The denominator value is there so that when x is the value of the control point that we care about, that the function will evaluate to 1.

It does this by figuring out what the value of the numerator will be when x is at the control point, and then makes that be the value that it divides by, so that it’s 1 at that x value.

Not too much to it. Pretty simple stuff, but powerful as well!

## Extending to 2D and Beyond

Lagrange interpolation is a one dimensional interpolation scheme, meaning that if you have data points of the form (x,y), it can give you an interpolated y value based on an x value you give it. The interpolation it does can never give two different y values for the same x.
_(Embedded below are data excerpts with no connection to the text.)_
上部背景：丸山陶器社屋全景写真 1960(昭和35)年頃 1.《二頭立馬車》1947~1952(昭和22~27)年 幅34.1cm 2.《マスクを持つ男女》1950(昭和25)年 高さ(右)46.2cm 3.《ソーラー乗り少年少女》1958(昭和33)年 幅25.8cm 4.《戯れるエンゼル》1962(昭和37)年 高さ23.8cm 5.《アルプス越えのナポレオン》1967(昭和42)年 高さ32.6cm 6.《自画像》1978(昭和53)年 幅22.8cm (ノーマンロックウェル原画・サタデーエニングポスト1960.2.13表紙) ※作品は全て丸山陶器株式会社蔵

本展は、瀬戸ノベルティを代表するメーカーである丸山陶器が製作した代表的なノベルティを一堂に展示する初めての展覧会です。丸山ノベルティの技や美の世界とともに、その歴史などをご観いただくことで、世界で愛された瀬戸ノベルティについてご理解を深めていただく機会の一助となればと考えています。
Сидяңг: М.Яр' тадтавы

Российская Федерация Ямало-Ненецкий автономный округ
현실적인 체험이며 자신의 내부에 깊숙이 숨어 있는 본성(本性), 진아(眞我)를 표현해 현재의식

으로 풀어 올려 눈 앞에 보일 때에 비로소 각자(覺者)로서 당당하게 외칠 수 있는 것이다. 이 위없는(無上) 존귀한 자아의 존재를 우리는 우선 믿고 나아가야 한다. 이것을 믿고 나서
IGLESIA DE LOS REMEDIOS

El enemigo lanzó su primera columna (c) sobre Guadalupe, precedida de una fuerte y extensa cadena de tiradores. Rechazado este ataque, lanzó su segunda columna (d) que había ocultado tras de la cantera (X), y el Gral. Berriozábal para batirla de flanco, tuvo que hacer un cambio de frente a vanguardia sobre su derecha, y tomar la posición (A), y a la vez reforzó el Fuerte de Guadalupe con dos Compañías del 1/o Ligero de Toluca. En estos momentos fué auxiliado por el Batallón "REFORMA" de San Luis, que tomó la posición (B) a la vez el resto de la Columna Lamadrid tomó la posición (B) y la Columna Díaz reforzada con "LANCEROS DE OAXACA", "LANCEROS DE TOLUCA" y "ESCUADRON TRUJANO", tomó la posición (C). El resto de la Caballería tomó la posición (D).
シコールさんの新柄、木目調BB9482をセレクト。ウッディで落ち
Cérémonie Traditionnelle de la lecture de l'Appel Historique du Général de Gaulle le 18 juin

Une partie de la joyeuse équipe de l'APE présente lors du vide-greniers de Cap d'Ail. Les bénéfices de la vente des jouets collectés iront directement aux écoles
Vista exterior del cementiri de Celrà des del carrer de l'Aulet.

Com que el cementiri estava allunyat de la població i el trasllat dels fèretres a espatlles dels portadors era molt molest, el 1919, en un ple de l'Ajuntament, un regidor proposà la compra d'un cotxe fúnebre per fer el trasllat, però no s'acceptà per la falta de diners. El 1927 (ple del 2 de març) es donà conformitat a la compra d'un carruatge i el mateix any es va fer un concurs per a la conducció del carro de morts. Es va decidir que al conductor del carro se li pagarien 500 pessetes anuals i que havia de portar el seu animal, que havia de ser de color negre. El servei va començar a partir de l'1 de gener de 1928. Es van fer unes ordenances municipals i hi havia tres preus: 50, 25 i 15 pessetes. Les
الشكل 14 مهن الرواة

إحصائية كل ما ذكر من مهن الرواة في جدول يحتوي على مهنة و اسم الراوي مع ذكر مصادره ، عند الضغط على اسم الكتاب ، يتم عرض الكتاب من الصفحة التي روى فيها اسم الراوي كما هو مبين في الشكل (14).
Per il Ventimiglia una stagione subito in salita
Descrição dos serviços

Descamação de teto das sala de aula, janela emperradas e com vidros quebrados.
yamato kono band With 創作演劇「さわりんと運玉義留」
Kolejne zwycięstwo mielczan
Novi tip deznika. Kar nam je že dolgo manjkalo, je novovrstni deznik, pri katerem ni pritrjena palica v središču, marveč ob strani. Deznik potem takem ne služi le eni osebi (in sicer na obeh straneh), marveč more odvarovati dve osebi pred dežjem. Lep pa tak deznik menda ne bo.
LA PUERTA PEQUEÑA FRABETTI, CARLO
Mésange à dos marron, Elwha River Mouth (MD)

If you want to extend this technique to interpolating a curve through two dimensional data points, or even higher, you need to do interpolation independently for each axis and use a “parametric” value for that axis.

For instance, if you needed to interpolate a curve through 3 dimensional points, you would have data points like this:

X Points = $(t_{x,0}, x_0)\ldots(t_{x,k+1}, x_{k+1})$
Y Points = $(t_{y,0}, y_0)\ldots(t_{y,k+1}, y_{k+1})$
Z Points = $(t_{z,0}, z_0)\ldots(t_{z,k+1}, y_{k+1})$

And then you would interpolate on each axis by the t value to get your X, Y and Z axis values. This should look familiar, because this is how higher dimensional Bezier curves work; you evaluate them per axis based on a parametric value per axis (s,t,u,etc).

You could use the same t values on each axis, or they could be completely independent. You don’t even need to have the same number of points for each axis!

You might wonder how this differs from the standard interpolation in the 2D case. Check the demos in the link section below to really get a grasp of the difference, but in essence, with standard (1D) interpolation, you can never have two x values that evaluate to 2 different y values. Extending it like the above into two dimensions by parameterizing each axis lets you get around that limitation and you can make true 2d shapes.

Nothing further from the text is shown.